Try it.
The records are to be copied exactly and in full.

Dataset records
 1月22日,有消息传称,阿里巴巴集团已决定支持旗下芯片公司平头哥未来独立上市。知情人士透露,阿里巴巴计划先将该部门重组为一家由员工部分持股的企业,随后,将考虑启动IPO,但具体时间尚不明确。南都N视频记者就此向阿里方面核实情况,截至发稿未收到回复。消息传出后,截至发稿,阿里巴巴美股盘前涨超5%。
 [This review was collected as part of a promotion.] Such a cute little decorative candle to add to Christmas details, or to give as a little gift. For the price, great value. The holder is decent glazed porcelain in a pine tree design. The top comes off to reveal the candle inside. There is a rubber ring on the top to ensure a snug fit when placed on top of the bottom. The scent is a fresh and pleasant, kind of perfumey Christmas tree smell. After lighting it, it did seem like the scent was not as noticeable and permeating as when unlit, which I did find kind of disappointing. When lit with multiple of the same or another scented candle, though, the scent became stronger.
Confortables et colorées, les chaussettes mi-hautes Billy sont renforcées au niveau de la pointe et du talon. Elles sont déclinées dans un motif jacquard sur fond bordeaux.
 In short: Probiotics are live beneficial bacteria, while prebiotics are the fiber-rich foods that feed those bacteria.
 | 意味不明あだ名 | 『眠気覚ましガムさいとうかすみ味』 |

Solution below.
 1月22日,有消息传称,阿里巴巴集团已决定支持旗下芯片公司平头哥未来独立上市。知情人士透露,阿里巴巴计划先将该部门重组为一家由员工部分持股的企业,随后,将考虑启动IPO,但具体时间尚不明确。南都N视频记者就此向阿里方面核实情况,截至发稿未收到回复。消息传出后,截至发稿,阿里巴巴美股盘前涨超5%。
 [This review was collected as part of a promotion.] Such a cute little decorative candle to add to Christmas details, or to give as a little gift. For the price, great value. The holder is decent glazed porcelain in a pine tree design. The top comes off to reveal the candle inside. There is a rubber ring on the top to ensure a snug fit when placed on top of the bottom. The scent is a fresh and pleasant, kind of perfumey Christmas tree smell. After lighting it, it did seem like the scent was not as noticeable and permeating as when unlit, which I did find kind of disappointing. When lit with multiple of the same or another scented candle, though, the scent became stronger.
Confortables et colorées, les chaussettes mi-hautes Billy sont renforcées au niveau de la pointe et du talon. Elles sont déclinées dans un motif jacquard sur fond bordeaux.
 In short: Probiotics are live beneficial bacteria, while prebiotics are the fiber-rich foods that feed those bacteria.
 | 意味不明あだ名 | 『眠気覚ましガムさいとうかすみ味』 |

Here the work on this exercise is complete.